This works for me:
julia> function mindists_sq(pos, dists_min, Acp)
for i in 1:size(pos, 2)
dists_min[i] = Inf
for j in 1:size(Acp, 2)
t = 0.0
for k=1:size(pos,1)
t += (pos[k, i]-Acp[k, j])^2
end
if t < dists_min[i]
dists_min[i] = t
end
end
end
return dists_min
end
mindists_sq (generic function with 1 method)
julia> function test()
const pos = rand(3, 64)
const Acp = rand(3, 1200)
const dists_min = zeros(64)
const tmp = zeros(typeof(Acp[1]), 1)
@time mindists_sq(pos, dists_min, Acp)
end
test (generic function with 1 method)
julia> test();
elapsed time: 0.001279041 seconds (0 bytes allocated)

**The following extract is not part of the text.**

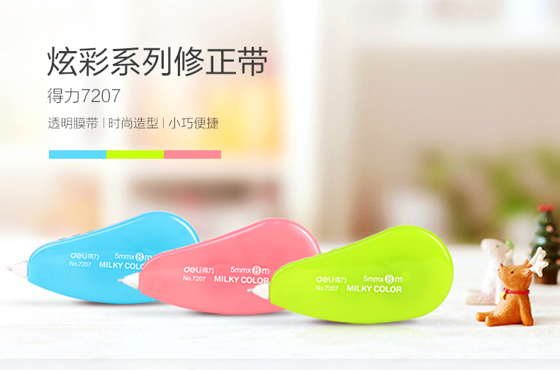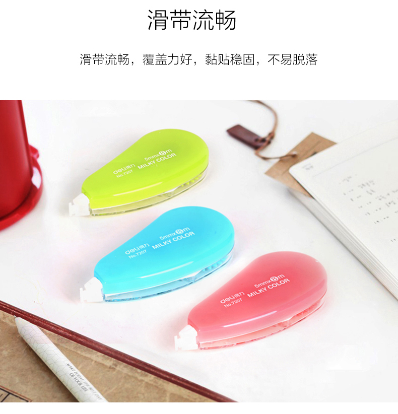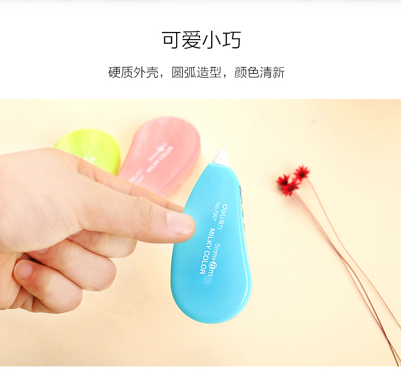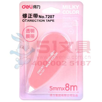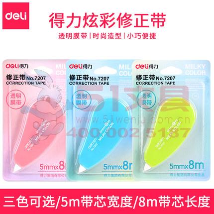 商品名称:得力7207,炫彩修正带(1/24/576)5mm*8米学生修改带/改错带/修正贴 商品编号:12.02.20.7207 品牌:得力/deli 上架时间:2017-02-18 商品毛重:0克 如果您发现商品信息不准确,欢迎纠错;如果您发现有比51文具价格更低的,欢迎举报

Is this how you unrolled the innermost loop too?
On Wed, 2014-10-22 at 17:38, [email protected] wrote:
> As a complement, I just tried with Julia master and in the first case, I got
> an
> exec time around 0.7s. The second case is virtually the same.
>
> Julia Version 0.4.0-dev+1177
> Commit 16c3222* (2014-10-22 12:49 UTC)
> Platform Info:
> System: Linux (x86_64-unknown-linux-gnu)
> CPU: Intel(R) Core(TM)2 Duo CPU P8700 @ 2.53GHz
> WORD_SIZE: 64
> BLAS: libopenblas (USE64BITINT DYNAMIC_ARCH NO_AFFINITY Penryn)
> LAPACK: libopenblas
> LIBM: libopenlibm
> LLVM: libLLVM-3.3
>
> And as a reference, the corresponding Python code is that one:
>
> def mindists_sq(B, Acp):
> return ((Acp - B[:, None])**2).sum(2).min(1)
>
> And get executed in 4-8 ms.
>
>
> To Julia's honor, I can go down to 4-8 ms with it, but I need to emulate
> Python
> behavior with broadcasts and large preallocated temporaries:
>
> function mindists_sq2(pos, dists_min, Acp, tmp, ntmp)
> for j in 1:size(pos, 2)
> broadcast!(.-, tmp, Acp, sub(pos, :, j))
> for i in 1:length(tmp[:])
> tmp[i] *= tmp[i]
> end
> ntmp[:] = sum(tmp, 1)
> dists_min[j] = minimum(ntmp)
> end
> return dists_min
> end
>
>
> function test(pos, Acp)
> const dists_min = zeros(typeof(Acp[1]), lenght(pos))
> const tmp = similar(Acp)
> const ntmp = similar(Acp[1,:,:])
> @time mindists_sq2(pos, dists_min, Acp, tmp, ntmp)
> end
> test(A, B)
>
> elapsed time: 0.004768065 seconds (3624960 bytes allocated)
>
> but it's a bit more verbose and convoluted.